◆ What this task involves ◆
Repeat the data as given. Images do not go in the copy.

Provided data below:

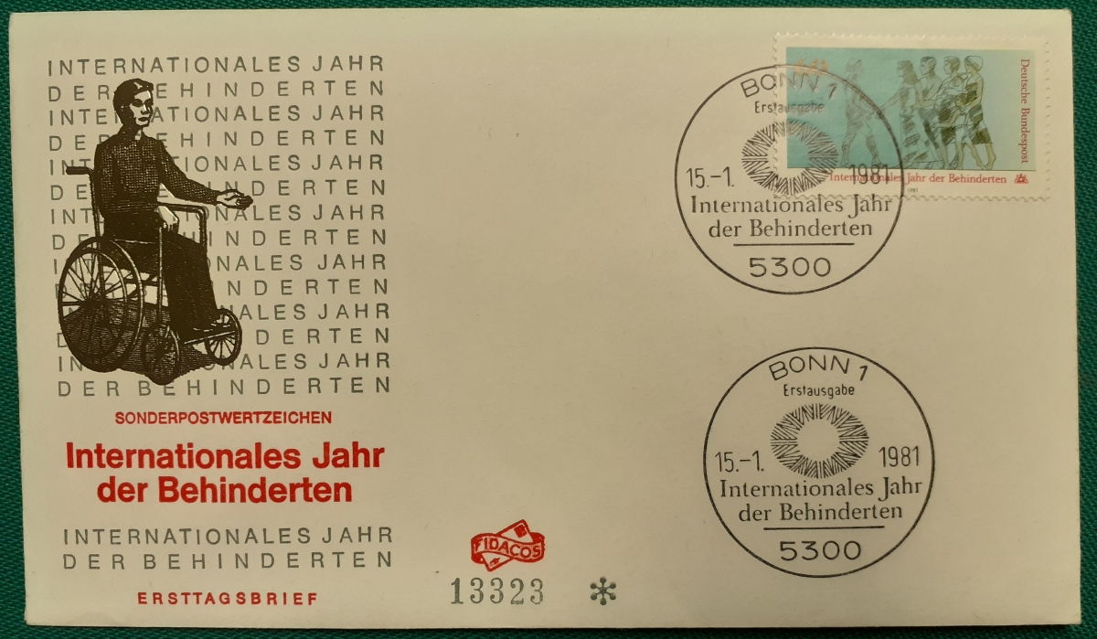 Internationales Jahr der Behinderten Michel-Nr. 1083 Offizieller Umschlag mit Ersttagsstempel; sehr guter altersgemäßer Zustand Preis: 3 EURO |
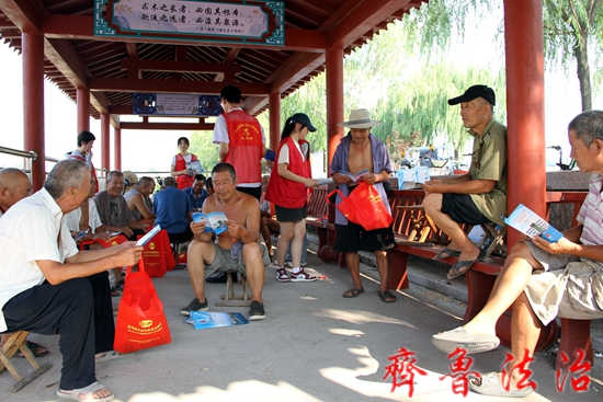 在村口凉亭内,服务队志愿者们向集中乘凉的村民们讲解农村生产生活可能会面对的各类法律问题,如婚姻、继承、房屋买卖、租赁、邻里关系等方面向大家普及法律知识,进行针对性宣讲互动。并发放了学法读本、法治书包等材料,受到村民的一致好评。
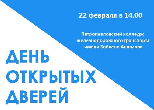2018 жылғы 23 ақпан күні сағат 14.00-де Бәйкен Әшімов атындағы Петропавл теміржол көлігі колледжінің акт залында Ашық есіктер күні болады.
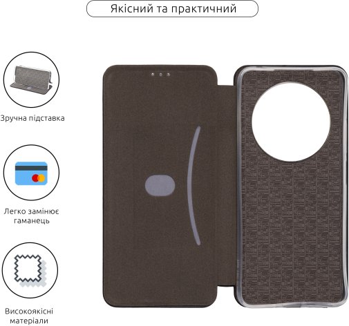 Тип чохла: КнижкаМатеріал корпусу: Силікон, Штучна шкіраОсновний колір: Чорний
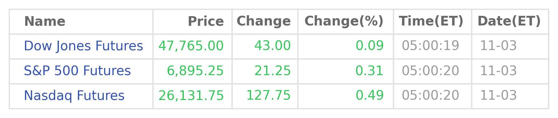 As of 05:00:19 on Nov 03 (ET), compare to the prices at 17:00:00 on the previous trading day, including any holiday-shortened sessions, the blue-chip Dow Jones Futures advance modestly by 43.0 points or 0.09% to 47,765, the broad-based S&P 500 Futures are trading higher by 21.25 points or 0.31% to 6,895, the tech-heavy Nasdaq Futures tick up 127.75 points or 0.49% to 26,132. (Data source: Wind Quant)
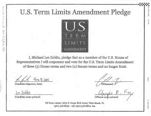 The U.S. Term Limits amendment pledge is provided to every announced candidate for federal office. It reads, “I pledge that as a member of Congress, I will cosponsor and vote for the U.S. Term Limits amendment of three (3) House terms and two (2) Senate terms and no longer limit.” The U.S. Term Limits constitutional amendment has been introduced in both the U.S. Senate by Senator Ted Cruz (SJR1) and the U.S. House by Representative Francis Rooney (HJR20).
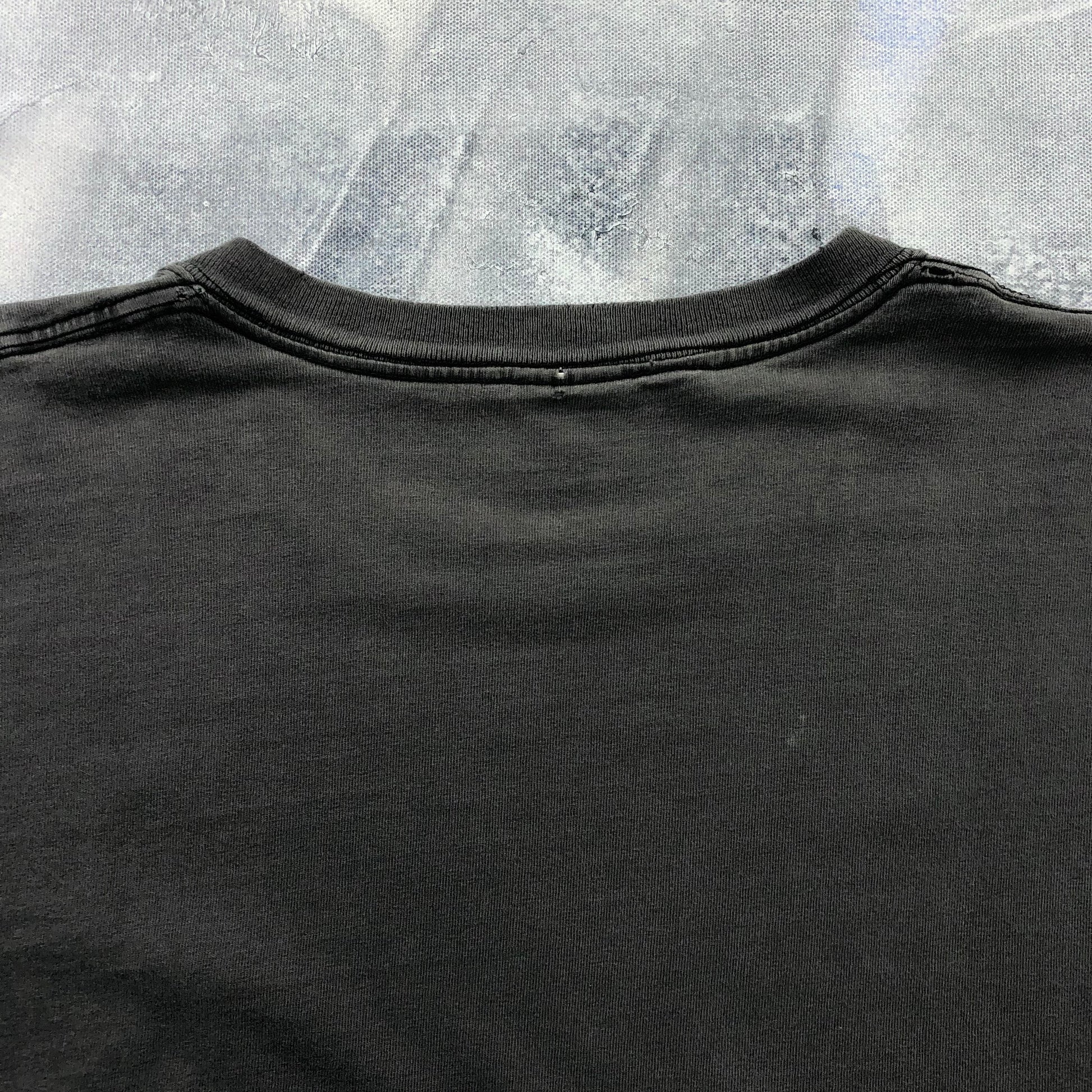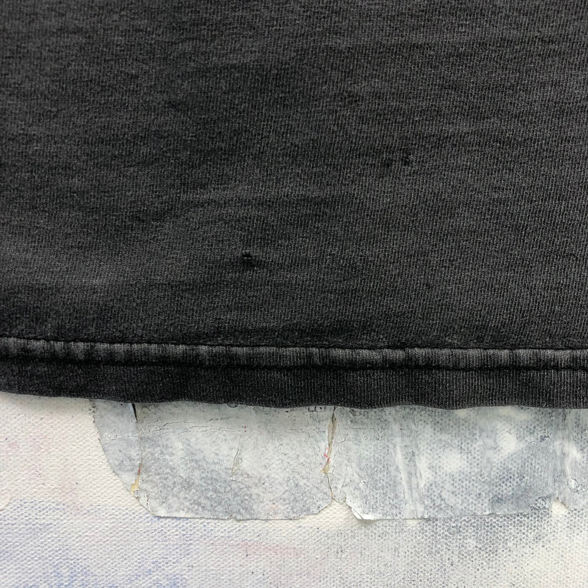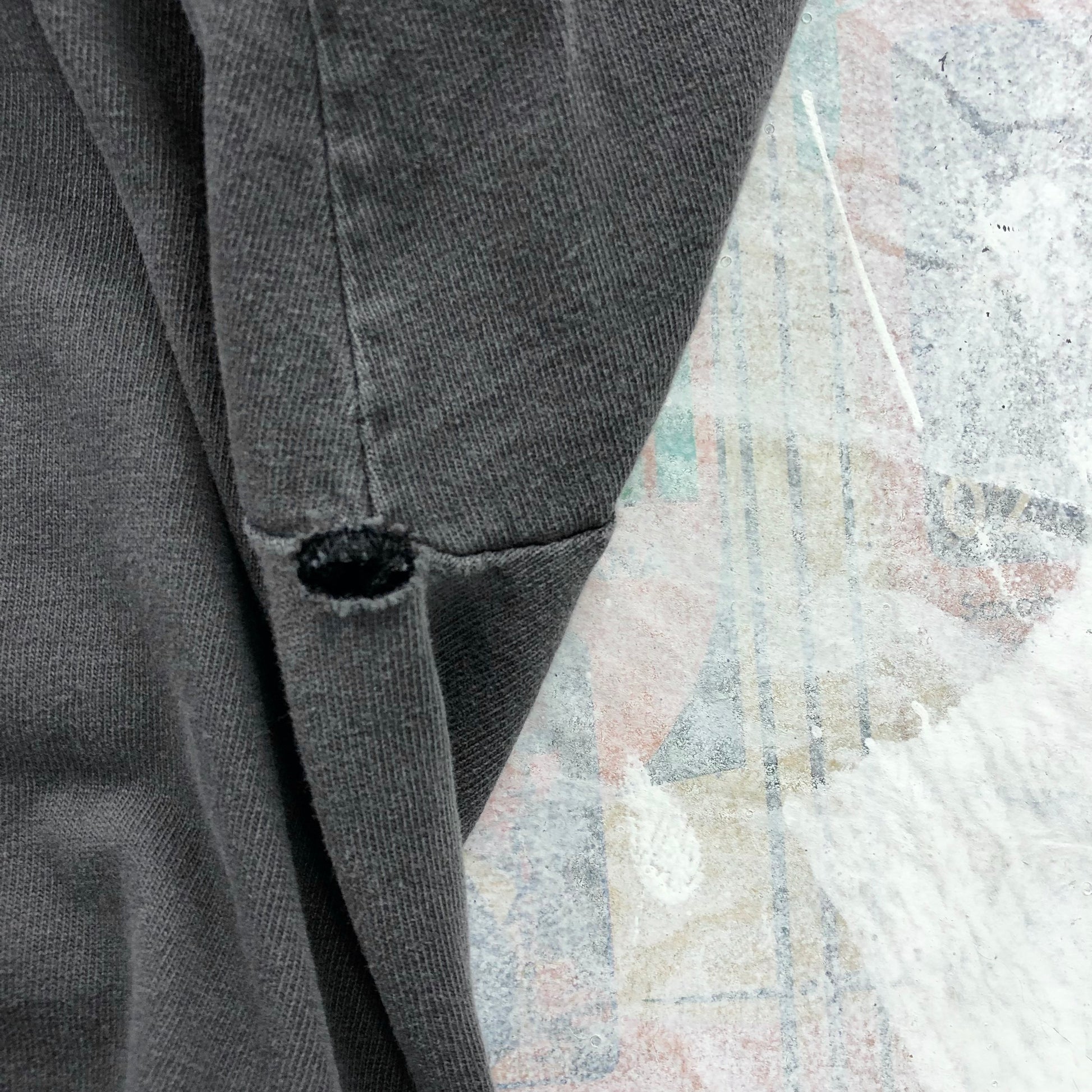 Condition: Some holes on front side through logo. Hole under armpits. Small holes on back side. Faded, used in worn condition.
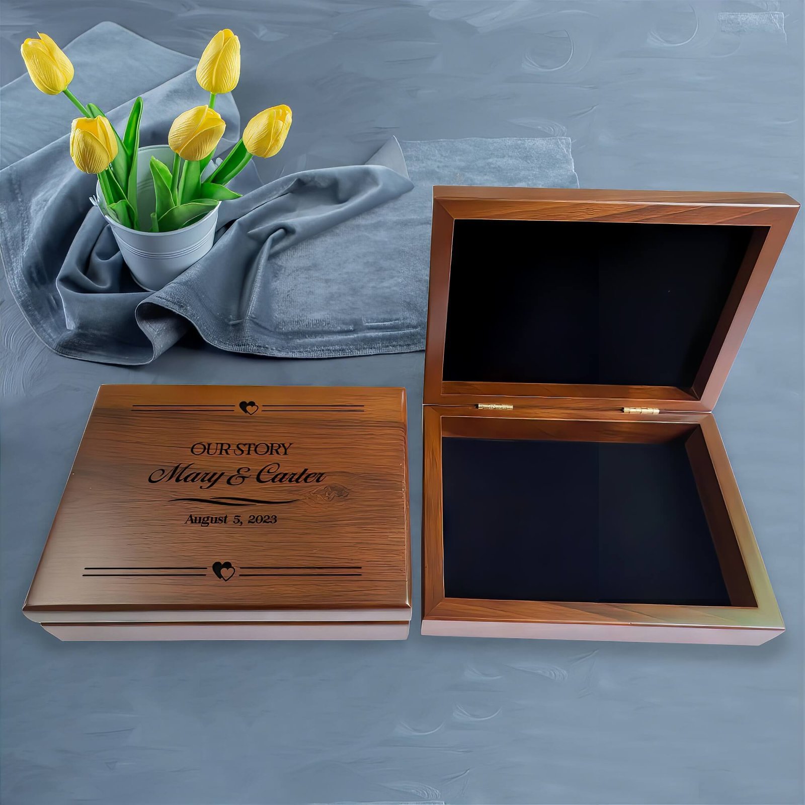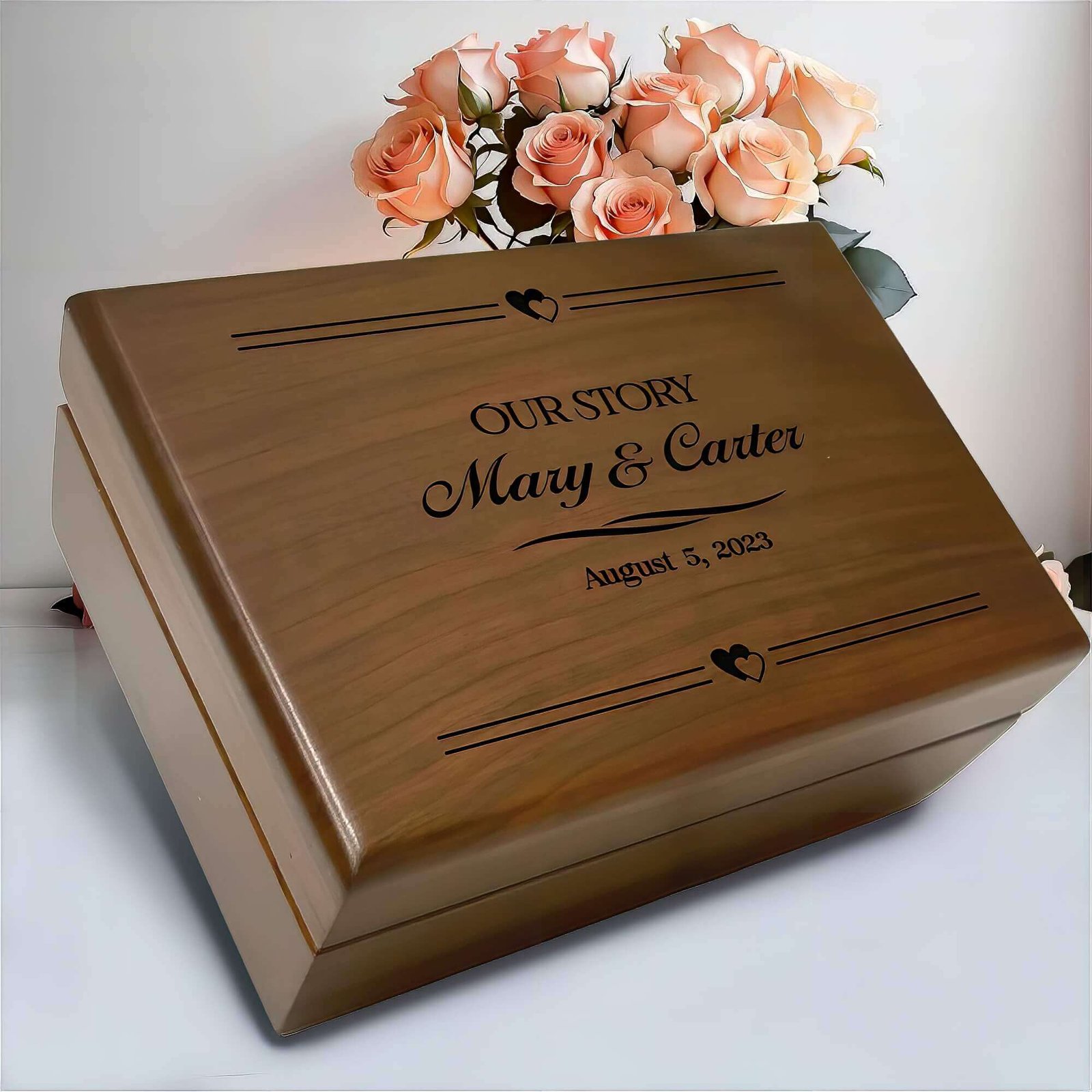 This Personalized Gift for Couples is more than just a box; it’s a future heirloom. Ideal for keeping precious mementos, this beautiful box serves as a wonderful Wedding Memory Box designed to preserve their most cherished moments. The rich walnut wood radiates warmth and elegance, making it a perfect fit for any home decor. This Anniversary Memory Box represents love and commitment, whether given as a wedding gift or for a special occasion. Each time the couple opens this box, they are reminded of the love and memories they share, creating a timeless piece that uniquely and personally celebrates their bond.
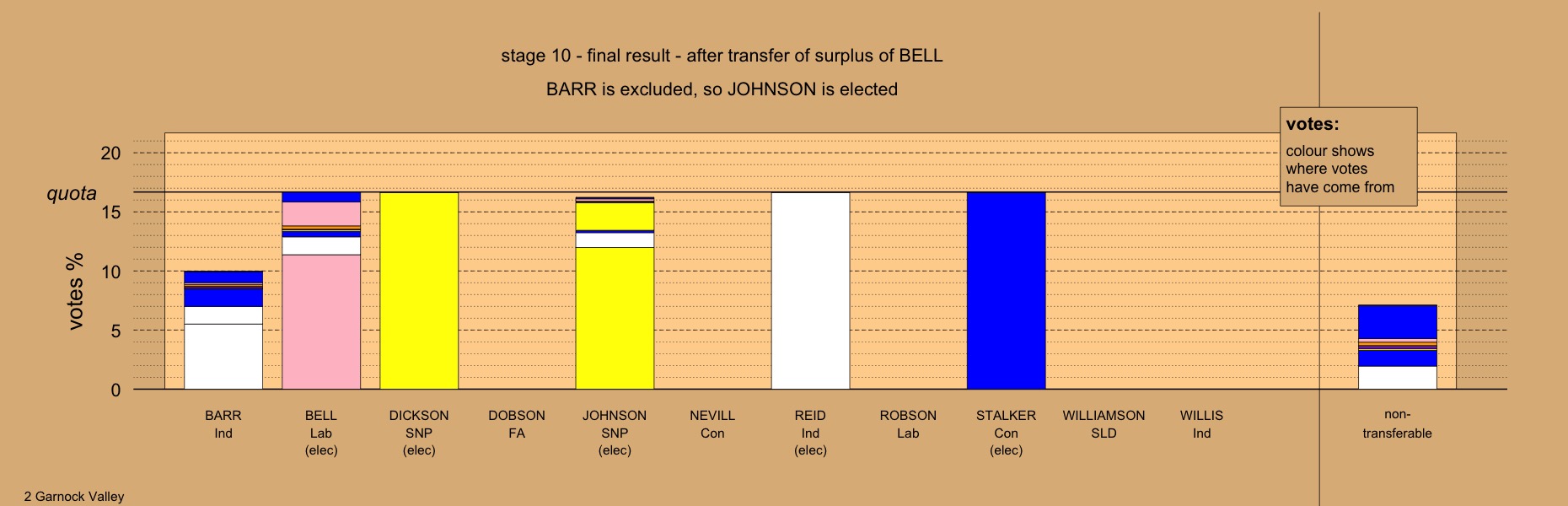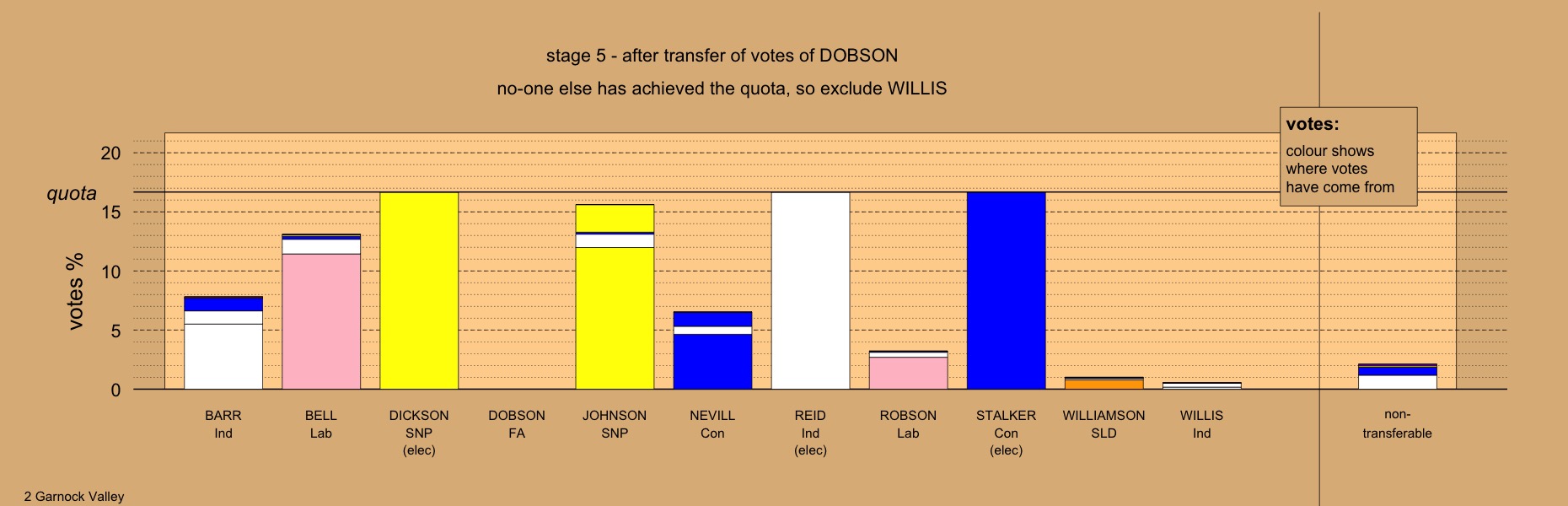 Elected: Donald L REID (Ind), Ronnie STALKER (Con), Anthea DICKSON (SNP), John BELL (Lab), Margaret JOHNSON (SNP) |

End of Provided data.

◆ Problem solution ◆
 Internationales Jahr der Behinderten Michel-Nr. 1083 Offizieller Umschlag mit Ersttagsstempel; sehr guter altersgemäßer Zustand Preis: 3 EURO |
 在村口凉亭内,服务队志愿者们向集中乘凉的村民们讲解农村生产生活可能会面对的各类法律问题,如婚姻、继承、房屋买卖、租赁、邻里关系等方面向大家普及法律知识,进行针对性宣讲互动。并发放了学法读本、法治书包等材料,受到村民的一致好评。
2018 жылғы 23 ақпан күні сағат 14.00-де Бәйкен Әшімов атындағы Петропавл теміржол көлігі колледжінің акт залында Ашық есіктер күні болады.
 Тип чохла: КнижкаМатеріал корпусу: Силікон, Штучна шкіраОсновний колір: Чорний
 As of 05:00:19 on Nov 03 (ET), compare to the prices at 17:00:00 on the previous trading day, including any holiday-shortened sessions, the blue-chip Dow Jones Futures advance modestly by 43.0 points or 0.09% to 47,765, the broad-based S&P 500 Futures are trading higher by 21.25 points or 0.31% to 6,895, the tech-heavy Nasdaq Futures tick up 127.75 points or 0.49% to 26,132. (Data source: Wind Quant)
 The U.S. Term Limits amendment pledge is provided to every announced candidate for federal office. It reads, “I pledge that as a member of Congress, I will cosponsor and vote for the U.S. Term Limits amendment of three (3) House terms and two (2) Senate terms and no longer limit.” The U.S. Term Limits constitutional amendment has been introduced in both the U.S. Senate by Senator Ted Cruz (SJR1) and the U.S. House by Representative Francis Rooney (HJR20).
 Condition: Some holes on front side through logo. Hole under armpits. Small holes on back side. Faded, used in worn condition.
 This Personalized Gift for Couples is more than just a box; it’s a future heirloom. Ideal for keeping precious mementos, this beautiful box serves as a wonderful Wedding Memory Box designed to preserve their most cherished moments. The rich walnut wood radiates warmth and elegance, making it a perfect fit for any home decor. This Anniversary Memory Box represents love and commitment, whether given as a wedding gift or for a special occasion. Each time the couple opens this box, they are reminded of the love and memories they share, creating a timeless piece that uniquely and personally celebrates their bond.
 Elected: Donald L REID (Ind), Ronnie STALKER (Con), Anthea DICKSON (SNP), John BELL (Lab), Margaret JOHNSON (SNP) |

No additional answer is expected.